I am writing this to the child who is, at this very moment leaning over my shoulder watching me write. How do you explain to this little appendage that writing is not a spectator sport? It is dam near impossible to think with someone breathing on you. Well at least she is not correcting my ……..Okay, now she is my self-appointed editor. Great.
Please, some one rescue me from this child! I do not want to be the personal entertainment system now. My morning duties are done. I have prepared a serviceable breakfast, although soooommeone says that the bagels I cooked, FROM SCRATCH my mind you, are somewhat tasteless and she prefers Bruggers Bagels to home-cooked. The kitchen is clean (mostly), the laundry will not need to be put in the dryer for another 50 minutes.

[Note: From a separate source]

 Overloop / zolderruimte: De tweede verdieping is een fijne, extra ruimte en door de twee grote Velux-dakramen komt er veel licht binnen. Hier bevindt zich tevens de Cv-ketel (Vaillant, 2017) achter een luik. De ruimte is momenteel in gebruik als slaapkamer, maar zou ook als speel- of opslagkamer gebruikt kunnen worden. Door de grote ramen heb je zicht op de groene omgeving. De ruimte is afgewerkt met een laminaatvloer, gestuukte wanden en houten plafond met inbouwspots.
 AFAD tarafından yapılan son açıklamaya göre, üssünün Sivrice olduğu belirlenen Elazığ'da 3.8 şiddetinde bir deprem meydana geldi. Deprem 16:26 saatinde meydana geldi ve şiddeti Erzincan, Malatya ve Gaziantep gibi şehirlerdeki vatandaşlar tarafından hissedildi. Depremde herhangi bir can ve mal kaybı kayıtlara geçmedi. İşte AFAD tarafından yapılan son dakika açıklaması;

“This would not have happened if you didn’t take away the cable”, says the intruder- still in her pajamas.
“It’s a nightgown Daaaady, Hurumph”
I know, but “pajamas” is more fun to say than “nightgown”.
“Well than at least say PJ’s”
You know how certain people take up all the oxygen in the room? Now, CERTAIN people are taking up all the virtual oxygen as well.
Sigh: I give up. Here is a video of the twin now knows as Qwerty in this blog (she gave herself the name because my wife does not want her to use her real name on the internet. Now I have to call her Qwerty everywhere. Also, don’t call Qwerty “cute” unless you are itching for a fight! She has decided that she it NOT CUTE!)